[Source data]
- Opening Delimiter -

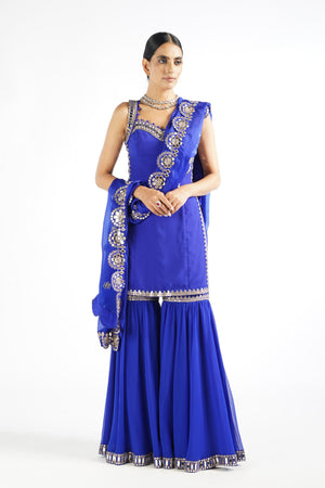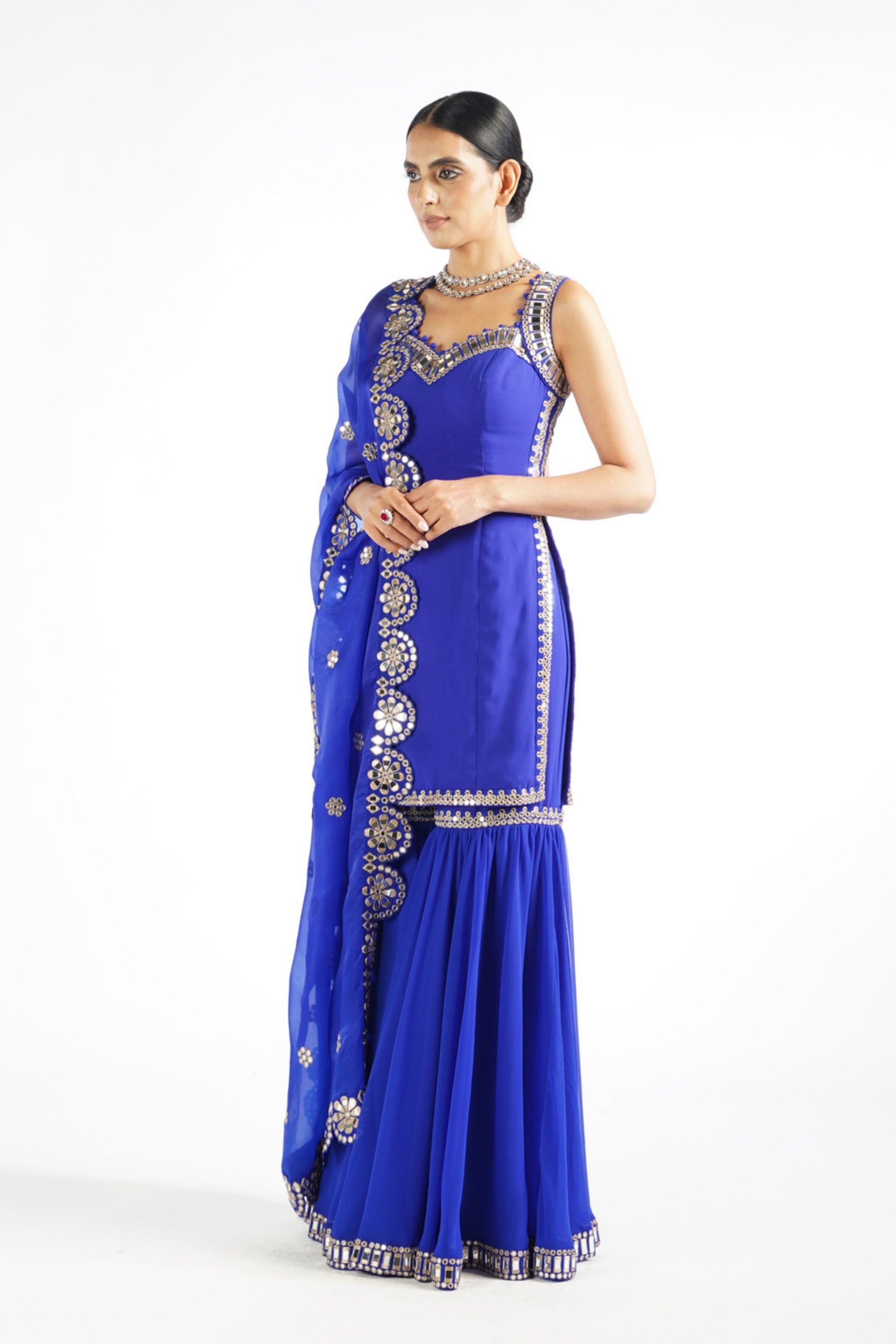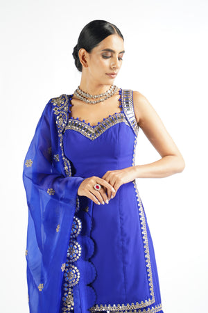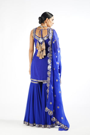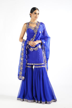 • Royal blue georgette sharara with real hand cut mirror embroidered kurta and satin organza dupatta.
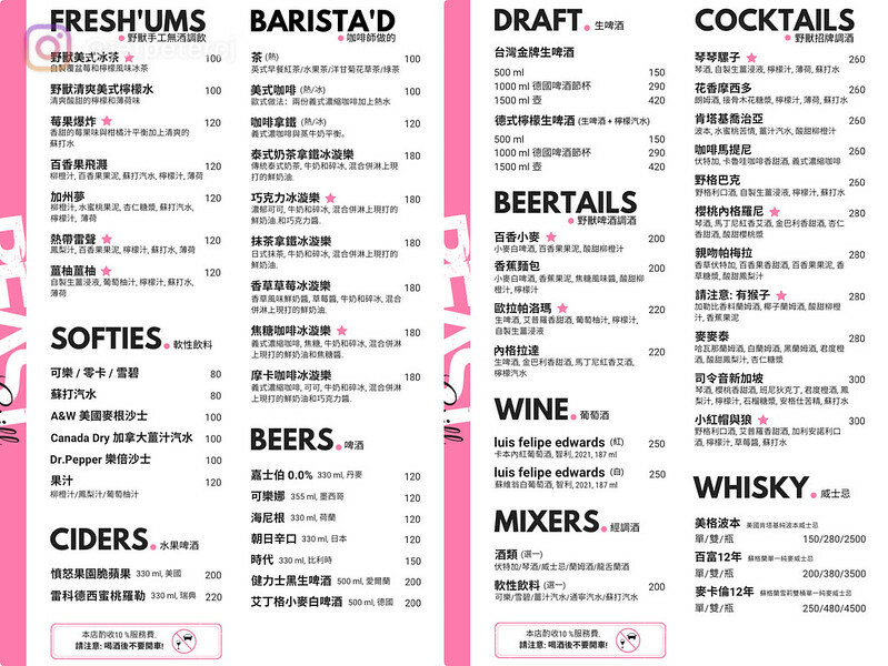 野獸美式餐廳飲品單(2023.7最新菜單)
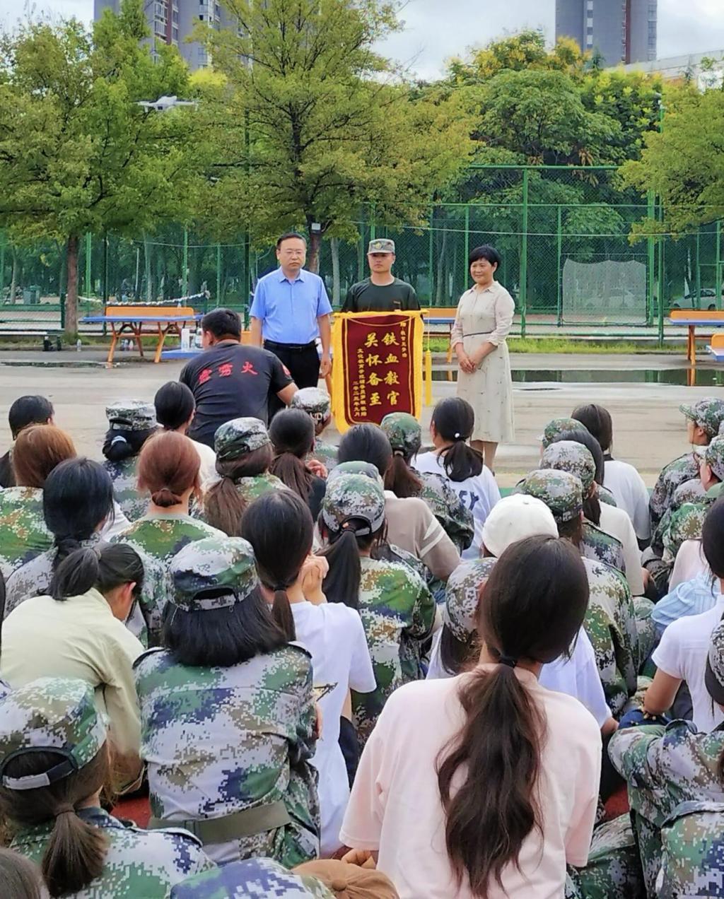 锦旗虽轻,情意深厚。王梦号教官用实际行动守护员工,诠释了“退伍不褪色”的真谛。感谢教官们的辛勤与付出,相信文教新生们定将军训中学到的互帮互助、坚韧不拔的精神延续到今后的学习生活中来,不断成长!
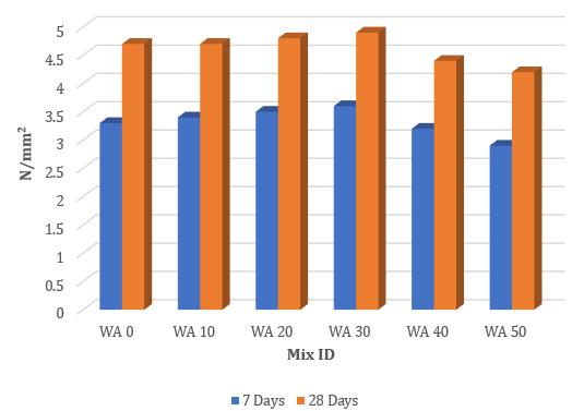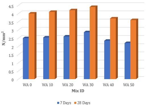 ratioof0.45ismaintainedacrossallmixtures.Theconcrete samples undergo compressive strength and split tensile strength evaluations after 7, 14, and 28 days of curing. Findingsindicatethattheoptimalstrengthisattainedwhen theconcretecontainsawoodashcontentbetween20%and 25%,surpassing the strength of both thestandard control concreteandothermixvariations.
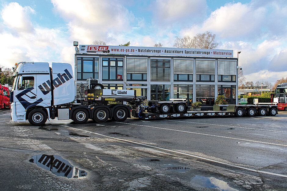 Den Antrieb des komplett von der ES-GE geplanten Zuges übernimmt eine Sattelzugmaschine des Typs Actros 5 L-FHS 8x4. Unter der Haube des 4-Achsers arbeitet ein 15,6- l-Motor mit 460 kW/625 PS. Seine sechs Zylinder treiben zwei der vier Achsen an, die laut Fahrzeugschein ein zulässiges Gesamtgewicht von 41 000 kg bieten. Rund 180 t sind beim Zuggesamtgewicht hinterlegt. Verbindendes Element zwischen Motor und Antriebswelle ist eine Turbo-Retarder-Kupplung, die selbst beim Rangieren mit hohen Lasten ein punktgenaues Arbeiten ermöglichen soll und als effizienter Retarder mit einer hohen Bremsleistung dient.
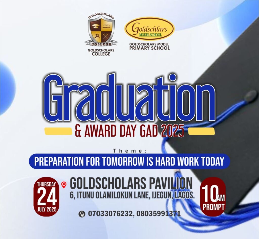 Greetings Passionate Educators of Team 2425. Welcome to Week 12. Today is 14th July 2025 and it is 10 days to our Graduation and Award Day GAD 2025. The GAD 2025 will hold on Thursday 24th July 2025 at our Goldscholars Pavilion, 6 Itunu Olamilokun Lane, Ijegun Lagos as from 10 am.
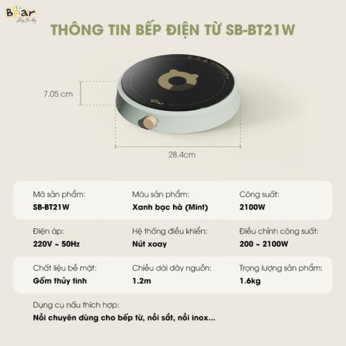 – Tạo điểm nhấn cho không gian bếp của bạn: Với thiết kế hình tròn đáng yêu và màu xanh bạc hà trang nhã, bếp từ Bear SB-BT21W là sự lựa chọn hoàn hảo cho những người yêu thích sự đẹp mắt. Chiếc bếp này chắc chắn sẽ mang đến một làn gió mới và sự sống động cho không gian bếp của bạn.
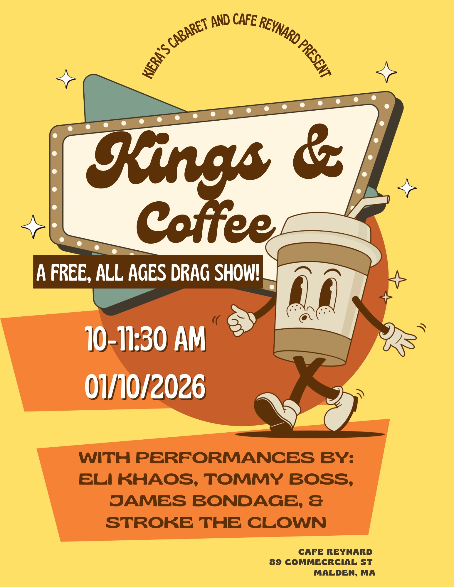 Come see us on Saturday the 10th, when we're visited by royalty! Kings & Coffee brings some much needed camp to the new year.

- Closing Delimiter -

Print the lines from the beginning of the records up to and including the line containing "锦旗虽轻,情意深厚。王梦号教", word for word, with no pictures.

Result ->
 • Royal blue georgette sharara with real hand cut mirror embroidered kurta and satin organza dupatta.
 野獸美式餐廳飲品單(2023.7最新菜單)
 锦旗虽轻,情意深厚。王梦号教官用实际行动守护员工,诠释了“退伍不褪色”的真谛。感谢教官们的辛勤与付出,相信文教新生们定将军训中学到的互帮互助、坚韧不拔的精神延续到今后的学习生活中来,不断成长!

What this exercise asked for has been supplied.